Perhaps it would be interesting to support some sort of syntax like SSML, to allow more control over basic elements like language and rate of speech.

please provide a way to choose TTS language. I agree with all previous comments

1 Like

Commenting because I’m also noticing this issue with Belarusian. It seems that the model doesn’t know about the differences in pronunciation between East Slavic languages (Belarusian/Ukrainian/Russian). For example, г is pronounced ‘he’ as in ‘hem’ in Belarusian/Ukrainian however OpenAI TTS uses the Russian pronunciation most of the time (‘ge’ as in ‘get’).

Also, I took am noticing some requests coming back that sounds completely garbled or unrelated to the text submitted. Re-submitting the request sometimes works. Sometimes I find that it helps to add a period at the end of the text if it is missing punctuation.

1 Like

I tried today and there isnt a way to set italian language, there is some different way?
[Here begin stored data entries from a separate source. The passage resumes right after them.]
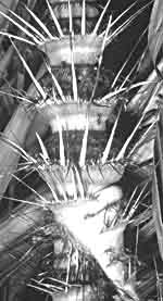 The leaf sheath of Daemonorops sabut has interlocking combs of spines that provide galleries for nesting ants - J. DRANSFIELD |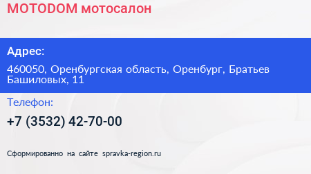 MOTODOM, мотосалон по адресу 460050, Оренбургская область, Оренбург, Братьев Башиловых, 11 в дальнейшем Организация, размещена в следующих категориях: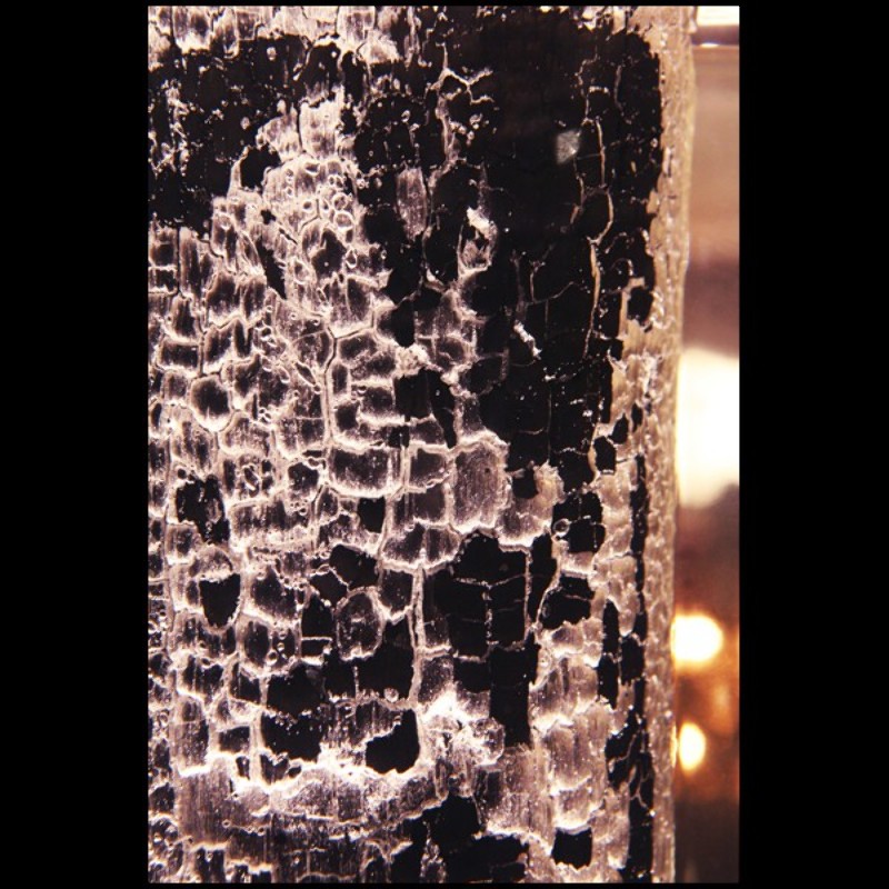 Bout de canapé avec tronc en bois massif brûlé saisi dans du verre acrylique PC-Burnt Trunk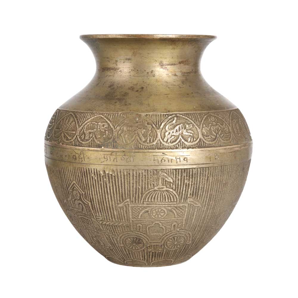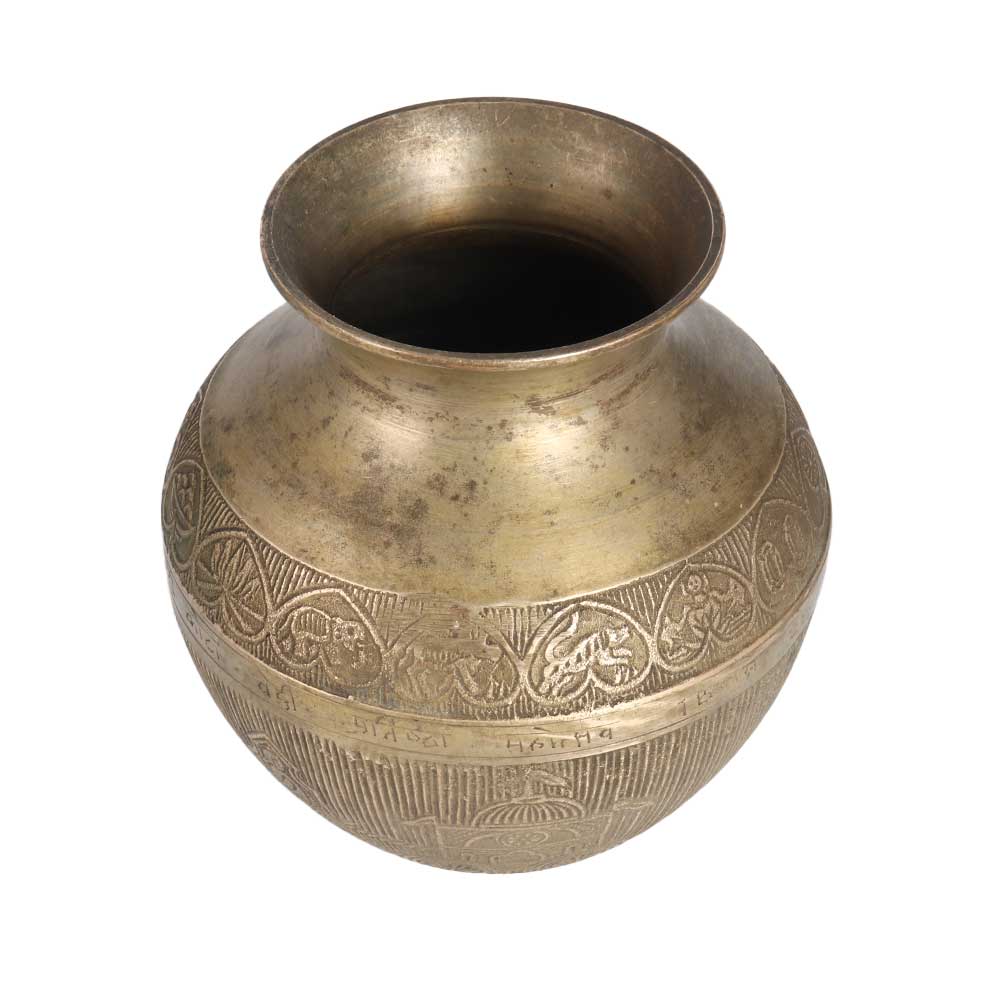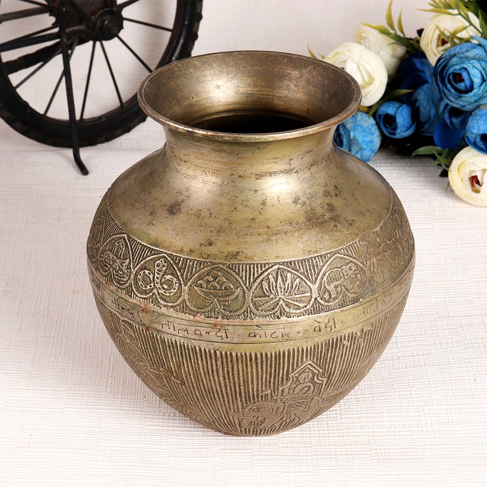 A used brass water pot used in Indian households to store sacred water from the river Ganga. This exquisite piece has engravings that make it an exceptional decorative piece. It has a flat bottom with elegant brown finish that leaves a long-lasting impression in the decoration. Add an aesthetic touch to your interior decoration with a beautiful water pot. Place it on the table, shelf, reception desk, bill counter or altar to attract your customers. This brass lota will reflect your rich heritage when placed in your home. It is handcrafted and made of high quality brass by skilled Indian artisans. A gift for your family, friends or relatives on special and festive occasions.

Ha ha ha. Oh wow. Sorry, just listened to Russian version. It speaks as American who is trying to read Russian without much trying. Spanish is bad too - I would say the accent is quite heavy, and I didn’t like his French.

You have strong R in both German and Russian, and strong L in Russian (but never in German). This voice can do neither, so it sounds like someone with seriously impaired speech. It’s absolutely not good for production.

Hello, I’m using TTS for several langage and sometimes when words are quiet the same in both langage it goes english. That’s good to have a langage recongnition but it should have a way to set it up.

1 Like

+1.

Sometimes the model identifies the language incorrectly and therefore, pronounces words incorrectly.

2 suggestions:

1. Improve language detection.
2. Offer “language” as an optional parameter, which disables auto language detection.

2 Likes

I’m Spanish and the Spanish version sounds like an american trying to talk in Spanish.

2 Likes

Thanks, Ignacio! That’s a valuable piece of feedback. German works pretty well (not the usual AE accent).